Internal combustion engines function by the combustion of fuels which in turn generate the power needed to propel vehicles. In the case of a diesel engine, the fuel is a diesel fuel and the combustion thereof generally results in emissions from the exhausts of such vehicles which comprise three main components: soot and particulate matter, carbon monoxide and nitrogen oxides (NOx). To alleviate environmental concerns, research is ongoing to reduce the levels of these emissions. NOx emissions can be reduced by lowering the temperature at which the fuel is combusted in the engine. Typically this is achieved by retarding the combustion, i.e., by injecting the fuel shortly after the peak temperature is reached in the cylinder. However, this retarded combustion has the disadvantage that it causes more soot to accumulate in the engine lubricant partly due to incomplete combustion of the fuel because of the lower combustion temperature, and partly due to increased soot deposition on the cylinder wall which is drawn down into the lubricant with the downward stroke of the piston. The presence of soot in the lubricant has the adverse effect of causing viscosity increase and accelerated wear. It is important that soot induced viscosity increase be controlled such that the lubricant stays within viscosity grade in order to maintain its expected performance and to enable quick and clean drainage of the engine during servicing.

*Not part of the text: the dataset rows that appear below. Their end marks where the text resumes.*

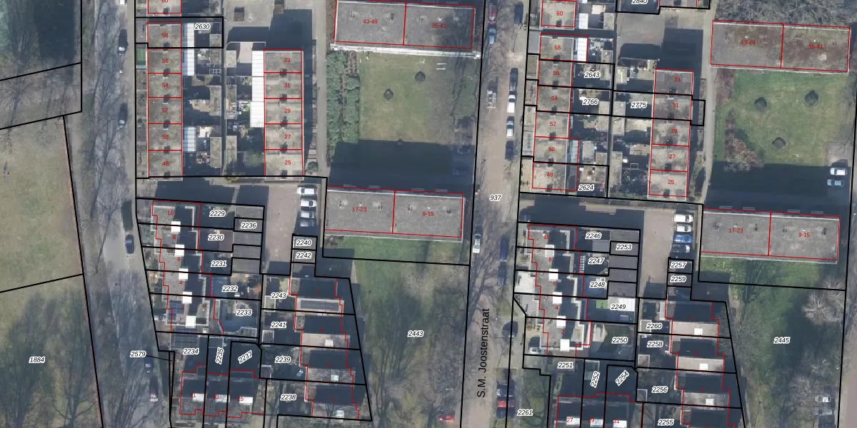 Het perceel waarop S.M. Joostenstraat 13 staat heeft een oppervlakte van 9753 m². Dit is een zeer groot perceel. De perceeloppervlakte wordt geregistreerd door het Kadaster. Gedetailleerde informatie over de maten van dit perceel kunt u vinden in het rapport Kadastrale kaart met maatvoering van S.M. Joostenstraat 13.
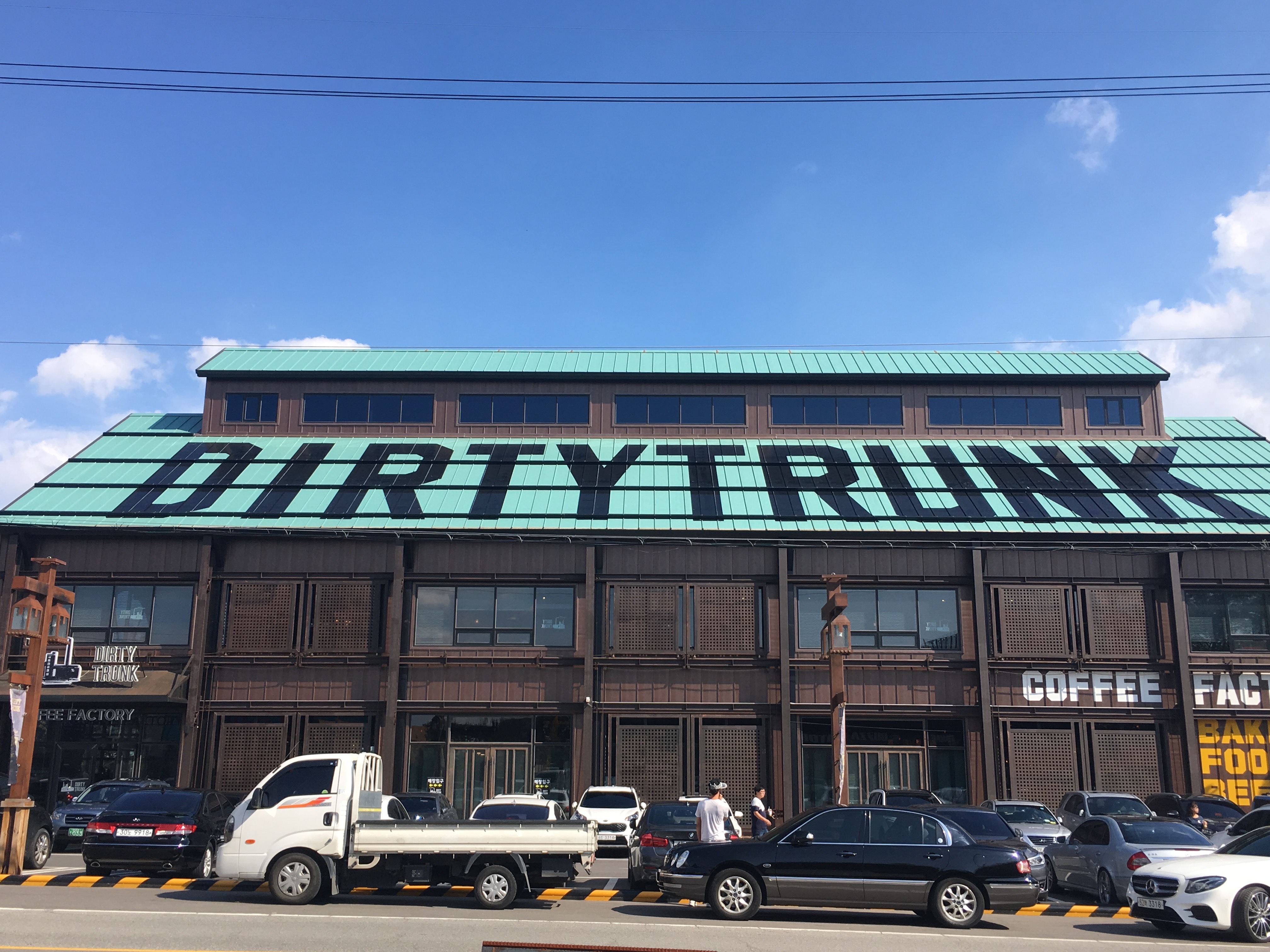 경기도 파주시에 위치한 카페입니다. 외래어 간판을 사용하고 있습니다. Dirty trunk를 낡은(더러운) 창고 등의 말로 제안드리고 싶습니다.
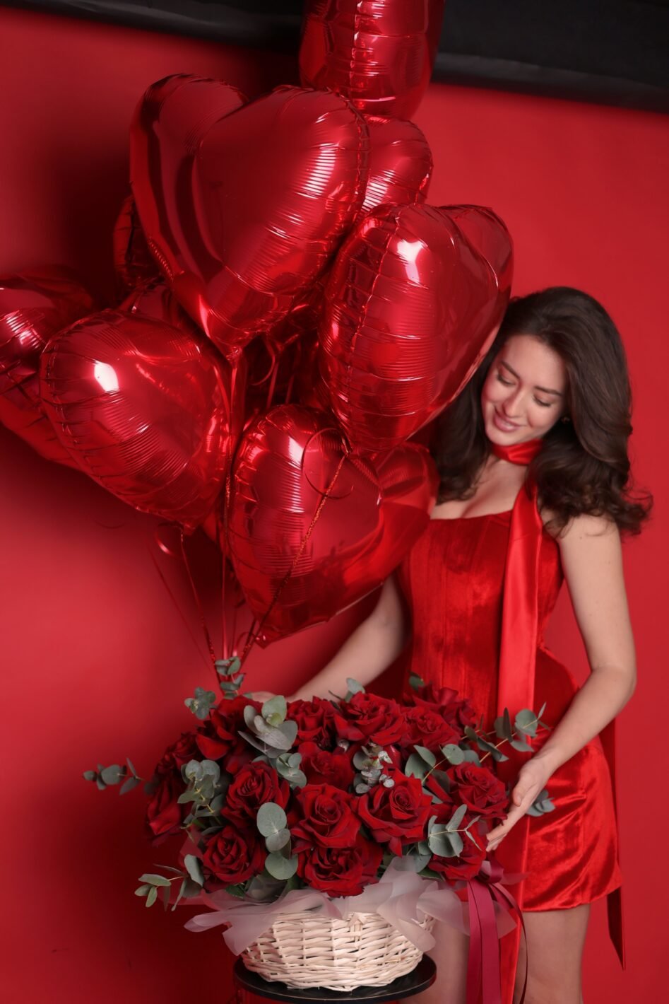 Кошик з червоних французьких троянд

Lubricating oil compositions comprise a major amount of base oil and additives that improve the performance and increase the useful life of the lubricant. Nitrogen-containing dispersants are commonly used lubricant additives. The function of a dispersant is to maintain in suspension within the oil, insoluble materials formed by oxidation and other mechanisms during use of the oil, to prevent sludge flocculation and precipitation of the insoluble materials. Another function of the dispersant is to reduce the agglomeration of soot particles, thus reducing increases in the viscosity of the lubricating oil upon use. In the severe environment of diesel engines, it has been found that soot induced viscosity increase cannot be controlled by conventional dispersants, even when the amounts of such conventional dispersants are increased. Therefore, compounds providing potent soot dispersing properties and crankcase lubricants providing improved soot dispersing performance are continuously demanded.
The present disclosure provides a dispersant having improved performance in engine tests, providing a good viscosity index and good soot dispersion and toleration properties, particularly in diesel engines, and especially in heavy duty diesel engines employing exhaust gas recirculation.